About this task
Give back the lines of the entries below exactly as written, from the first line to the line holding "지난 8월 국제안전도시", both included, with the pictures omitted.

Records to process

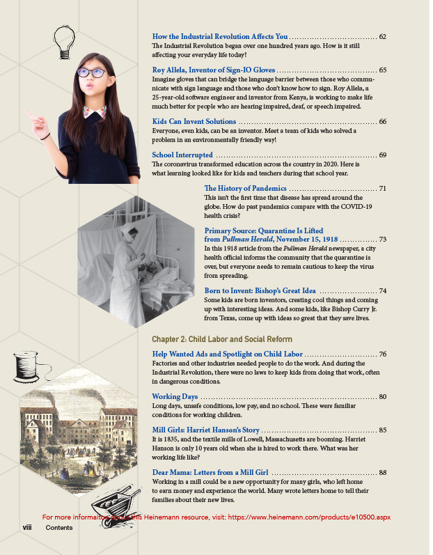 Kids need engaging texts and resources they can sink their teeth into, and they need and deserve to hear their stories told in history texts. Industrial Age and Immigration (1880–1940) highlights multiple perspectives and diverse voices of this historical time period. The last section of this resource, from the 1960s on, includes articles illustrating present-day perspectives, events, and issues surrounding immigration and innovation.
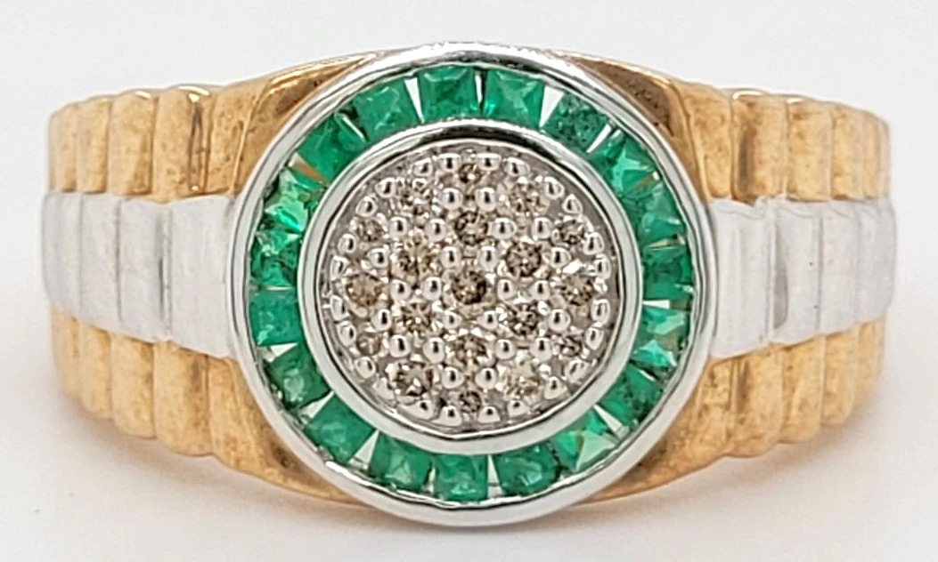 0.48ct Emerald & Diamond Rolex Style Ring 9ct Gold 6.1g Size U
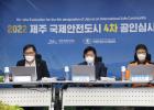 지난 8월 국제안전도시 4차 공인 심사에 나선 오영훈 지사와 박근오 제주소방안전본부장.
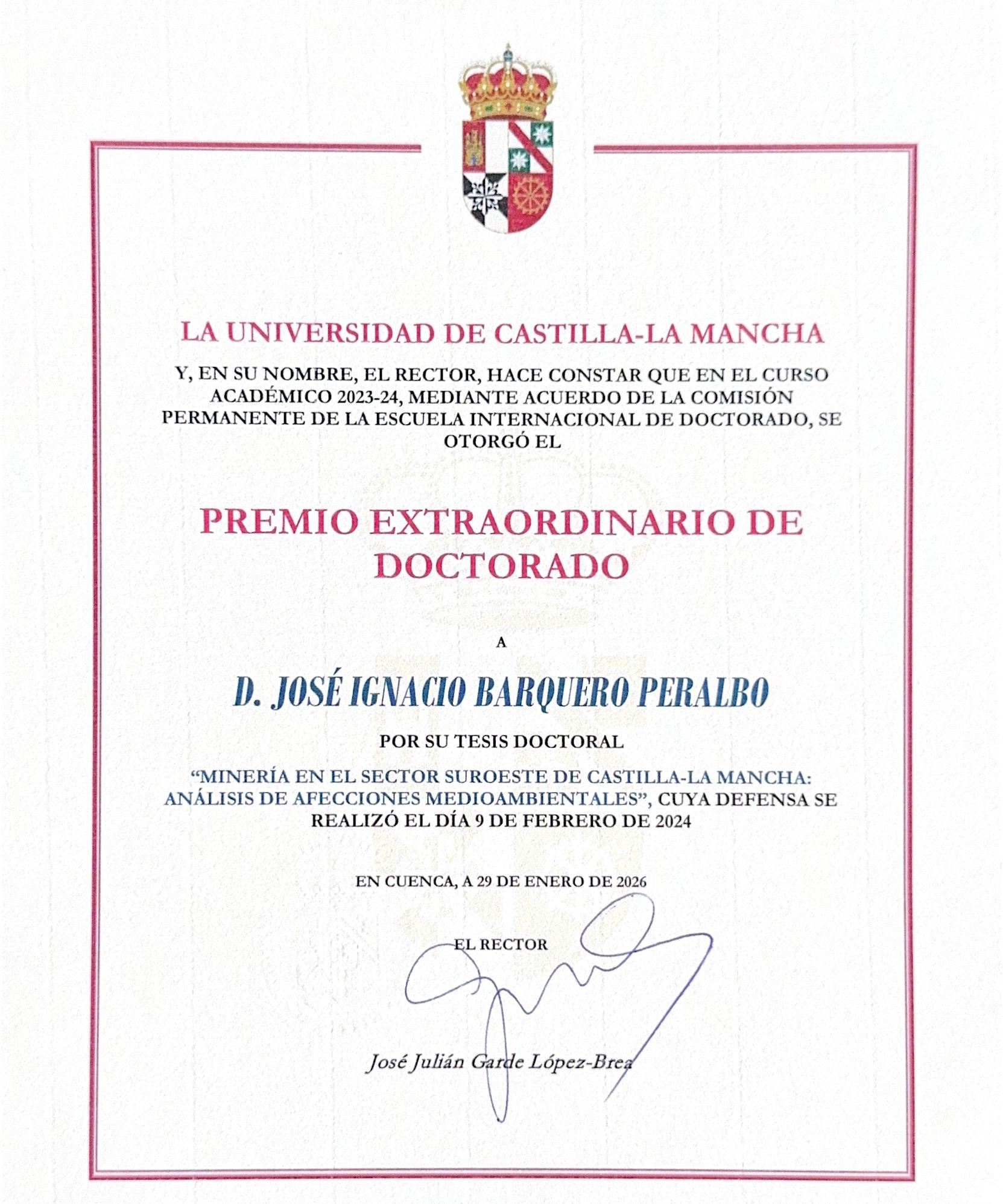 premio a su tesis titulada “Minería en el sector suroeste de Castilla-La Mancha:
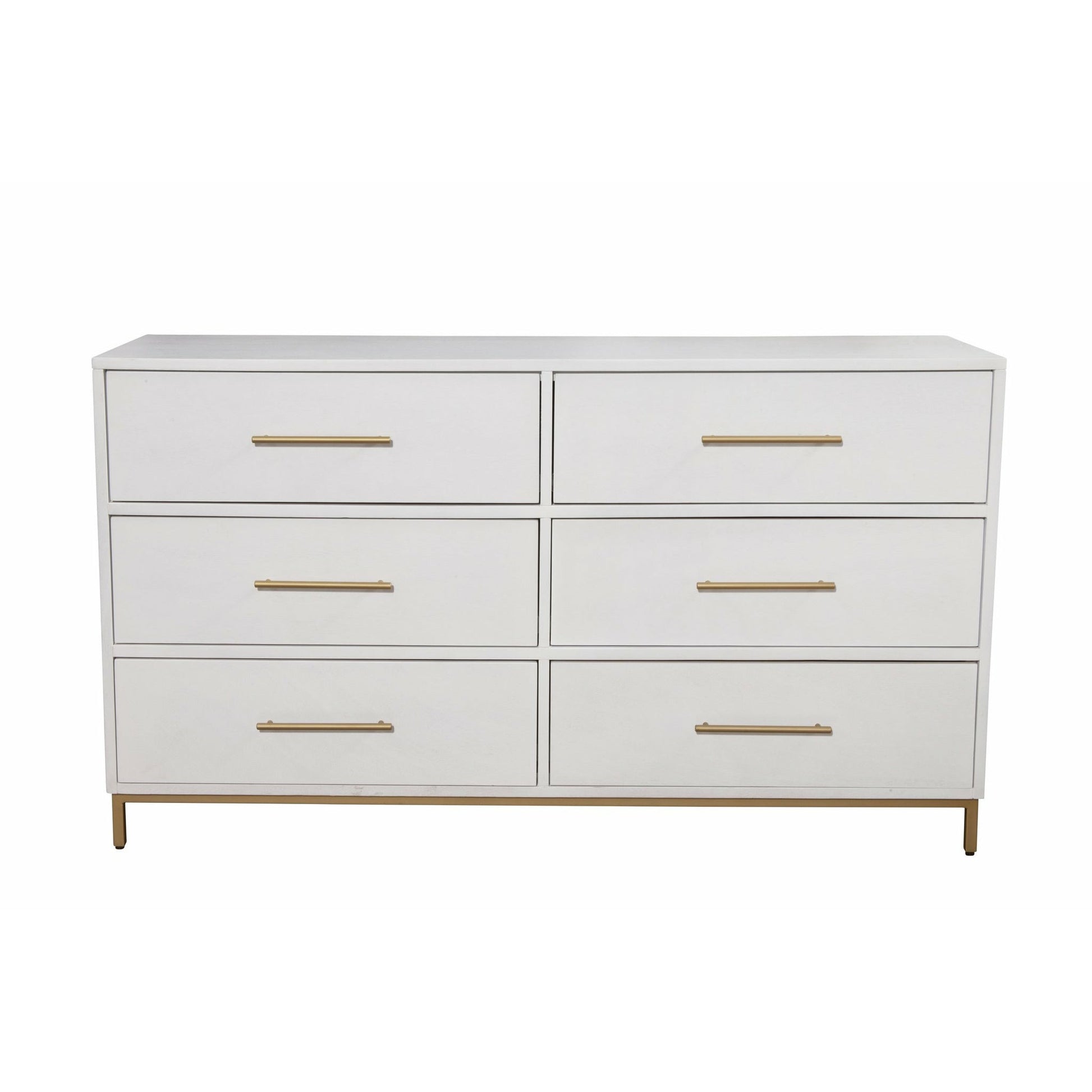 Add modern flair to your bedroom with the Madelyn White 6-Drawer Dresser. Providing storage for your essentials, this piece is crafted from sustainably sourced Mahogany. Features include a felt-lined top drawer, English dovetail construction and metal ball bearing drawer glides. The clean lines and beautiful finish blend effortlessly in any decorating scheme. Coordinates with other pieces in the Alpine Furniture Madelyn bedroom collection sold separately.
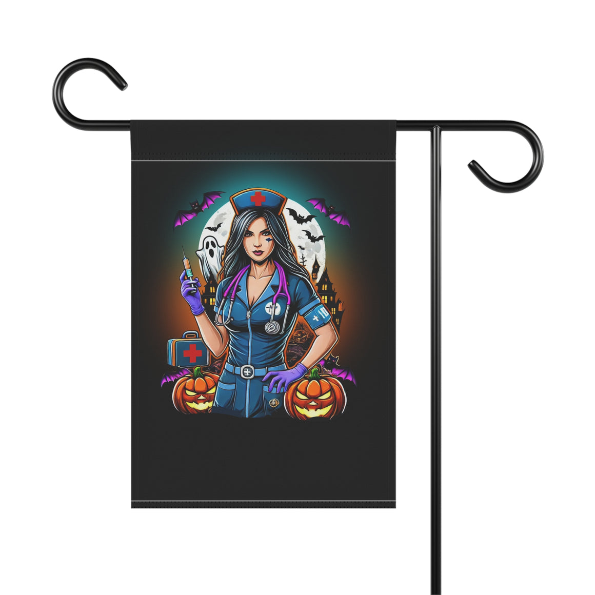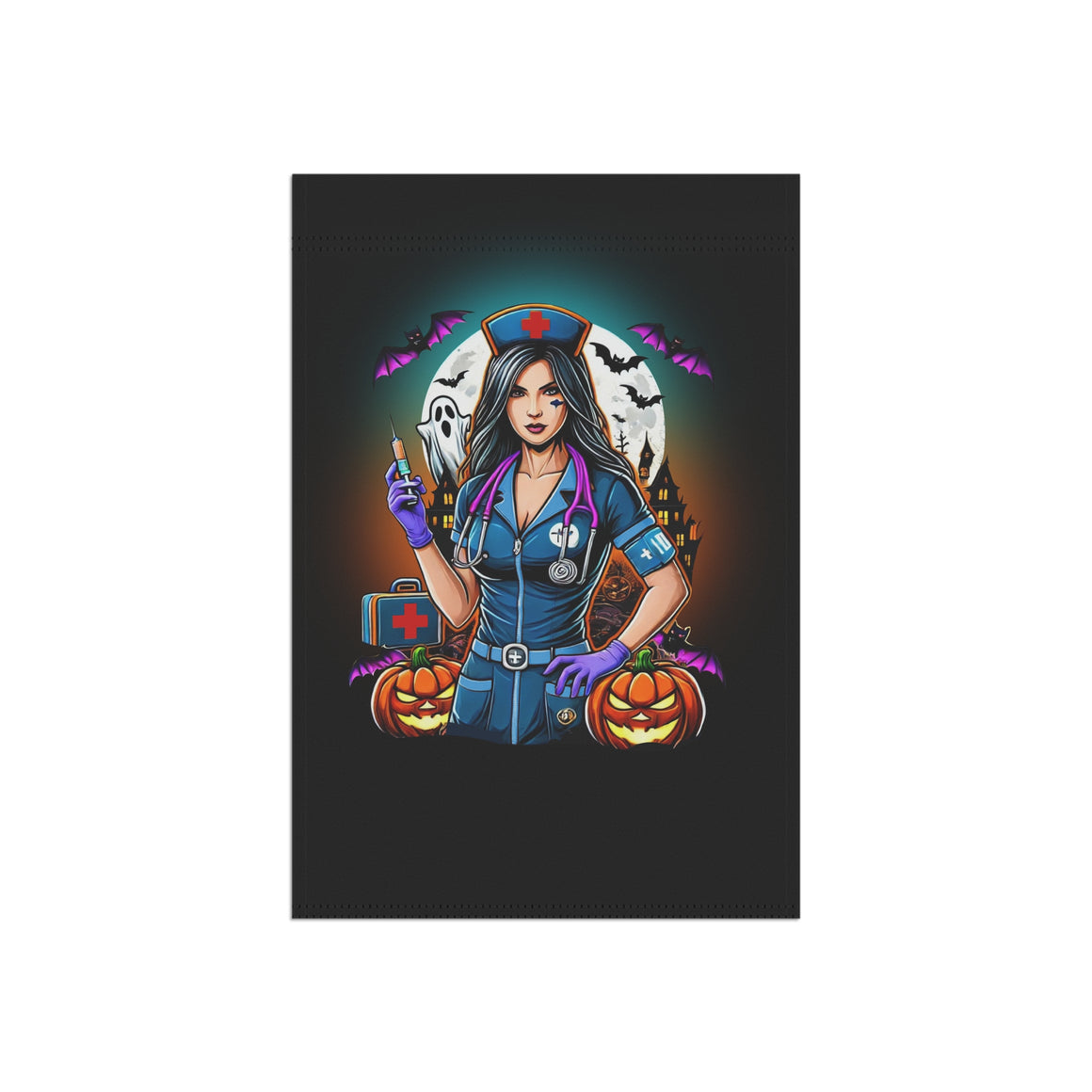 The vibrant design, inspired by a trendy nurse-themed aesthetic, is printed in crisp detail and vivid color on both sides, ensuring it looks fantastic from any angle. The black inside lining adds a sleek finish, enhancing the overall look. Whether you're decorating for Halloween or simply want to showcase your style, this banner is a must-have addition to your outdoor decor collection.

Exercise solution
 Kids need engaging texts and resources they can sink their teeth into, and they need and deserve to hear their stories told in history texts. Industrial Age and Immigration (1880–1940) highlights multiple perspectives and diverse voices of this historical time period. The last section of this resource, from the 1960s on, includes articles illustrating present-day perspectives, events, and issues surrounding immigration and innovation.
 0.48ct Emerald & Diamond Rolex Style Ring 9ct Gold 6.1g Size U
 지난 8월 국제안전도시 4차 공인 심사에 나선 오영훈 지사와 박근오 제주소방안전본부장.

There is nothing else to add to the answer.